We hear so often that, in many prisons, it’s the inmates — street gangs, primarily — who are in charge. Through threats and actual deeds of violence, prison administrators and guards are cowed and cowering, not doing their duties under law. Criminals, not crime-fighters, rule over daily life.

The same is too often true in communities and neighborhoods close by. Fear of harm, even death, overrides any impulse suffering residents may feel to protest, much less to take real, concerted action against criminal gangs. Law enforcement gets little or no information or cooperation in their efforts to identify and charge the perpetrators who seem to be running rampant. Those who know something don’t say something because, very simply, they are scared to death. They don’t want to risk their lives, or the lives of their loved ones.

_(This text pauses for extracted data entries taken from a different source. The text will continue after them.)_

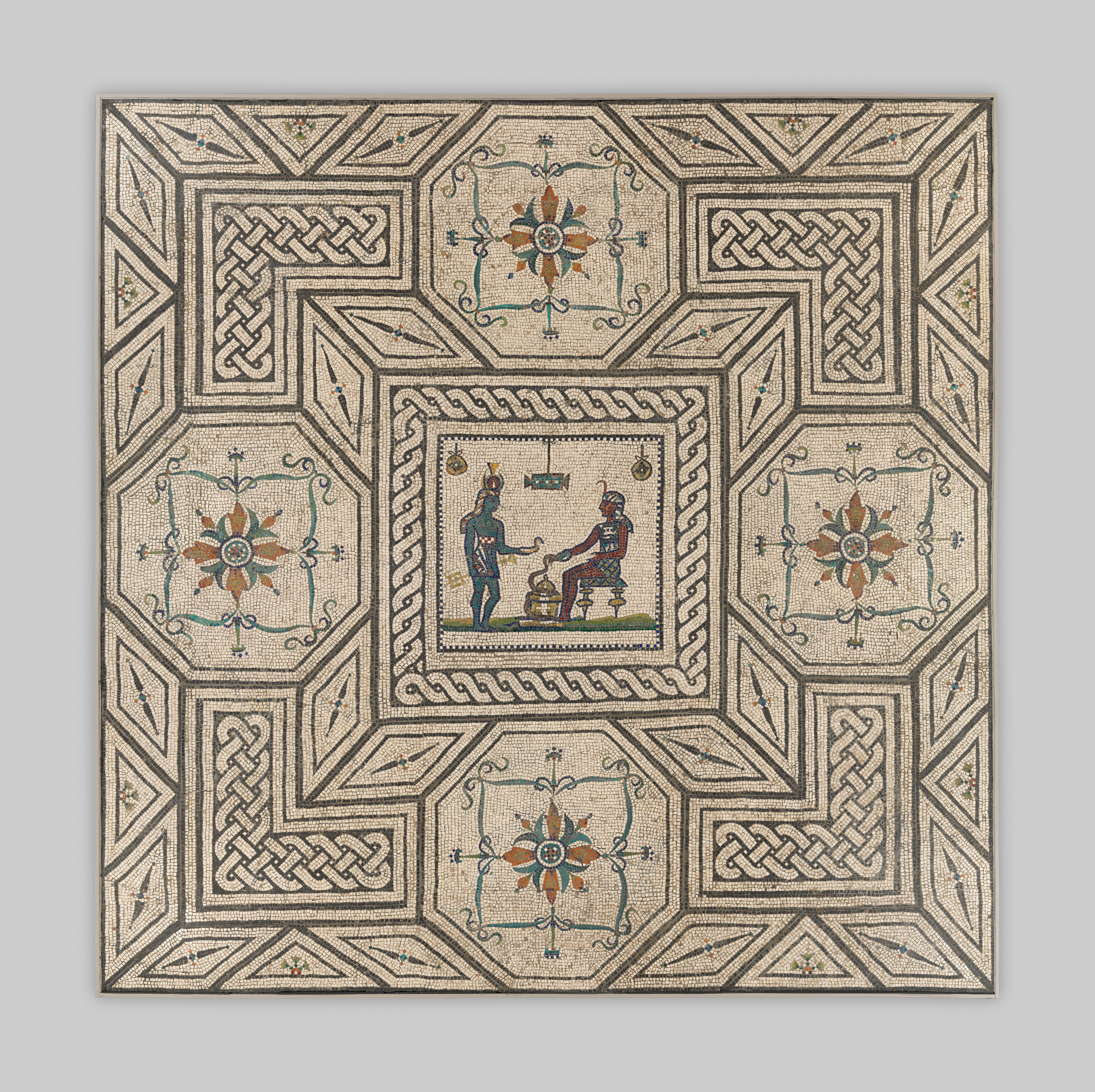 A mosaic floor from a wealthy Roman villa near Rome, depicting an Egyptian-inspired scene and surrounded by geometric patterns that adorned the dining spaces of the elite.
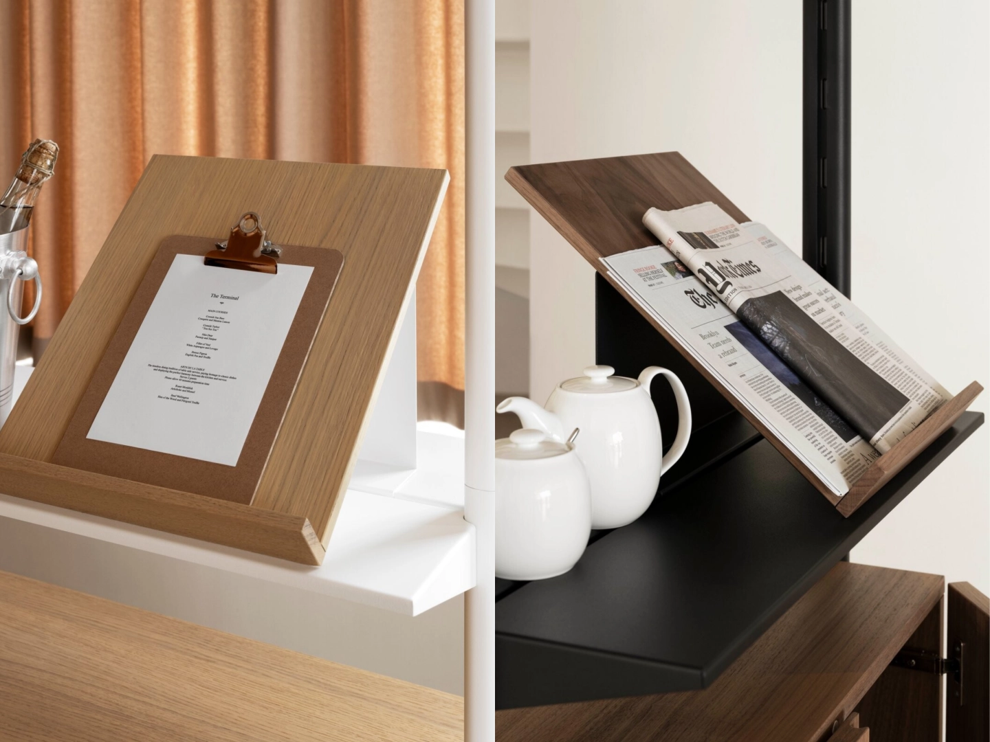 系統具備 70 公分與 90 公分 兩種單位寬度,可依空間比例靈活排列。另提供三款配件可選—— 書擋、置物分隔盤、雜誌架,滿足不同情境下的展示與收納需求。
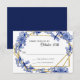 White background with light blue, royal blue and navy floral design RSVP Response Card | mix and matches with the Asian Influence Blue White Floral Chinoiserie Collection of Wedding invitation Suites. Copyright, Audrey Jeanne Roberts. Hand painted watercolor Blue Asian Influence Floral Chinoiserie design has a complete collection available here (copy and paste link into browser): https://bit.ly/2DS0gN6
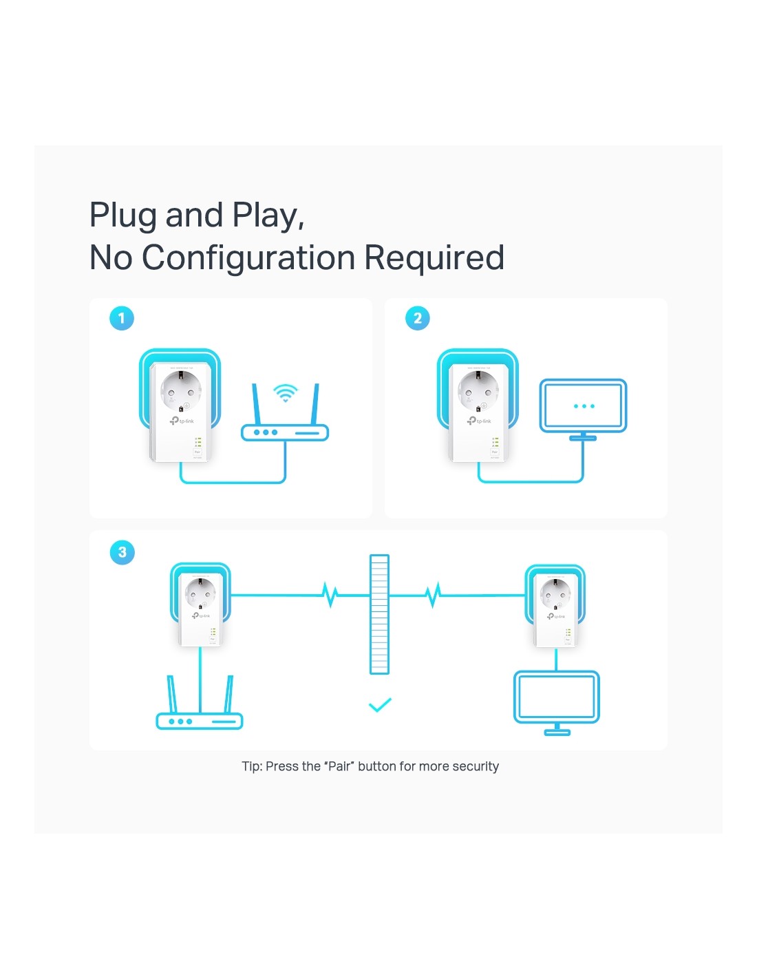 - Plug and Play - permite la configuración de tu red powerline en minutos, para que puedas disfrutar de conexiones rápidas, cableadas e inalámbricas de inmediato
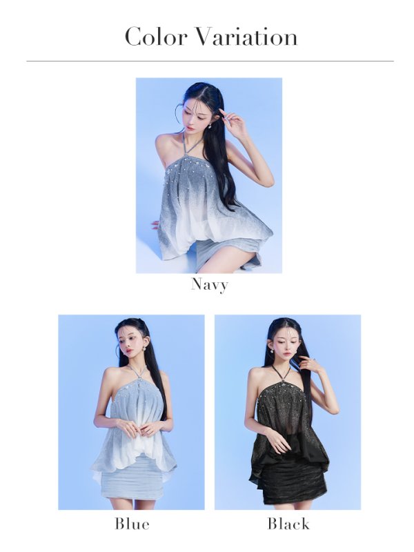 上半身はホルターネックでヘルシーな肌見せを叶え、スカート部分はタイトシルエットで美脚ラインを強調。
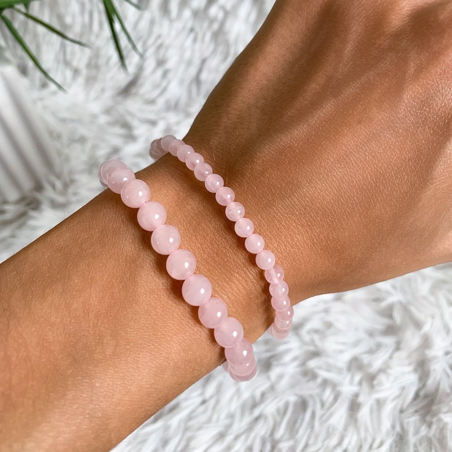 • Rosenquarz Armband (wahlweise 3–4 mm oder 6 mm Kugeln)
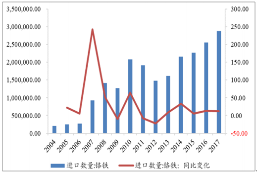 2004-2017年我國鉻鐵進口數(shù)量(噸)及其同比變化(%)
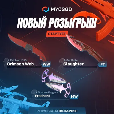 🩷🕐🕑🕒🕔🕕🕘🕛🕦 3 ножа в новом розыгрыше для тебя: ★ Falchion Knife Crimson Web WW ★ Gut Knife Slaughter FT ★ Shadow Daggers Freehand MW Для участия: — Подпишись на @my_csgoo, @mycsgo_feedback
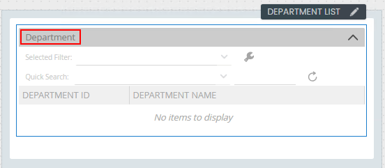 - Navigate to and select the Department SmartObject.
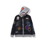 パーカー SHARK BAPE EMBLEM DENIM JACKET PRINT ZIP HOODIE キッズ 子供服 男の子 女の子
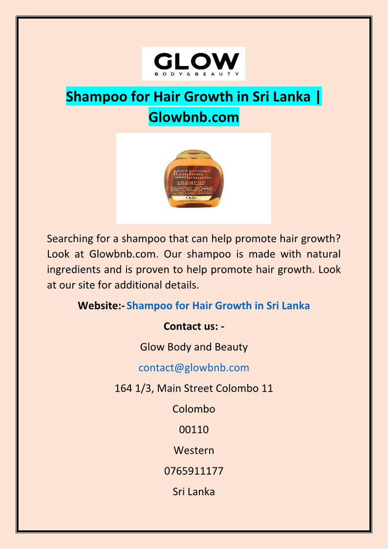Shampoo for Hair Growth in Sri Lanka | Glowbnb.com
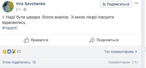 - У Надежды Савченко, которая находится под арестом, врачи скорой помощи взяли анализы, сообщила сестра дапутата.
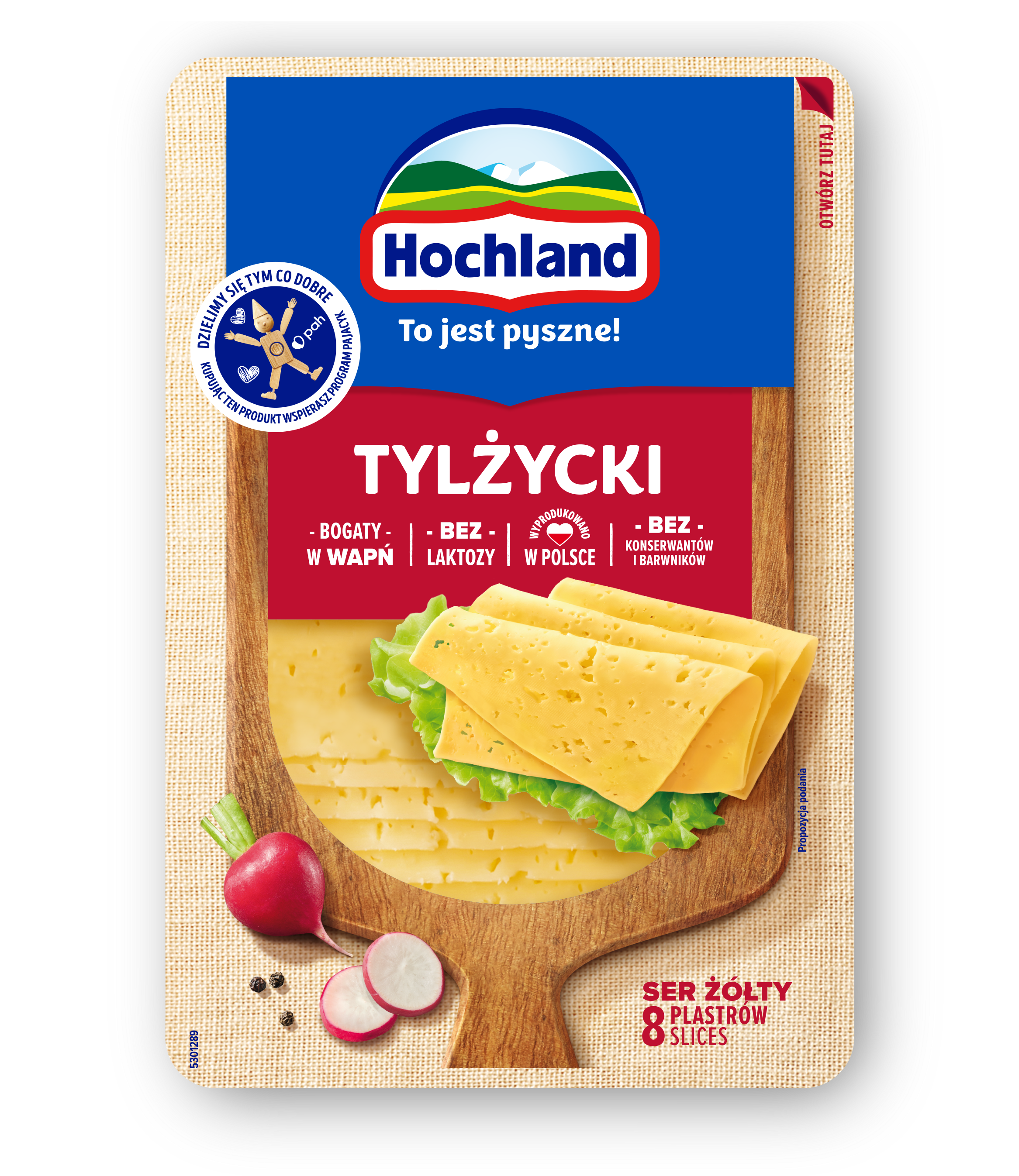 Hochland Tylżycki ser żółty w plastrach. Ser podpuszczkowy dojrzewający.
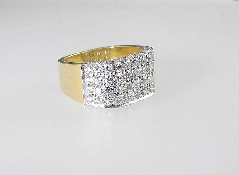 Unmarked Gold & Pave Diamond Soft Square Ring, Size 6 1/2, 9.2g.
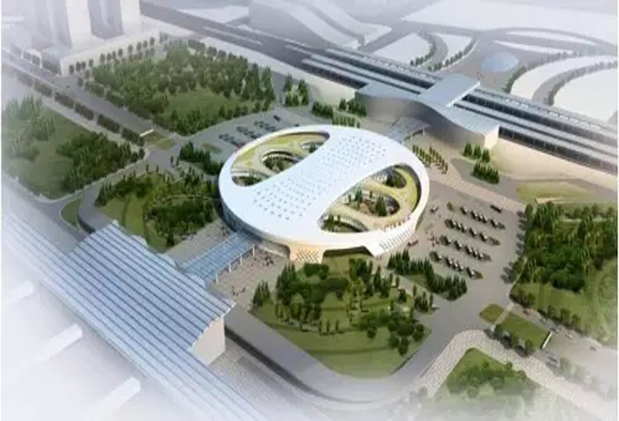 交通中心總建築面積 13.5 萬㎡,其中地上面積 3.8 萬㎡,地下面積 9.7 萬㎡(不含地鐵配套工程面積);交通中心整體建築呈“天圓地方”的造型;地下兩層為270m×217m的長方形,深17米;地上三層為半徑90米的圓形,第四層隻是穹頂造型,建築物總高約24米。 鋼結構總量約為6295t。
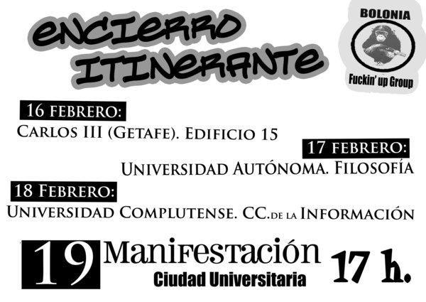 Los siguientes días habrá encierros en otras universidades de Madrid, donde se podrá tomar contacto con otras realidades universitarias, conocer gente y, tod@s junt@s, plantear una alternativa a lo que los rectores, los gobiernos y las empresas pretenden imponernos.

That same toxic dynamic is at work in our national politics, sad to say. A convicted criminal facing dozens of other charges, Donald Trump, strikes fear into the heart of any GOP officeholder who might dare to oppose him. He goes on vicious attack, threatening to banish him or her in the next election. Liz Cheney and Adam Kinzinger are Exhibits A and B.

So craven sycophants that they are, almost every Republican in Congress bows a knee to Trump, swearing fealty to MAGA ideology and idiocy.

My questions for them are these: How can they look themselves in the mirror every morning? And when, if ever, will they wake up to what they have become — inmates in gang leader Trump’s prison?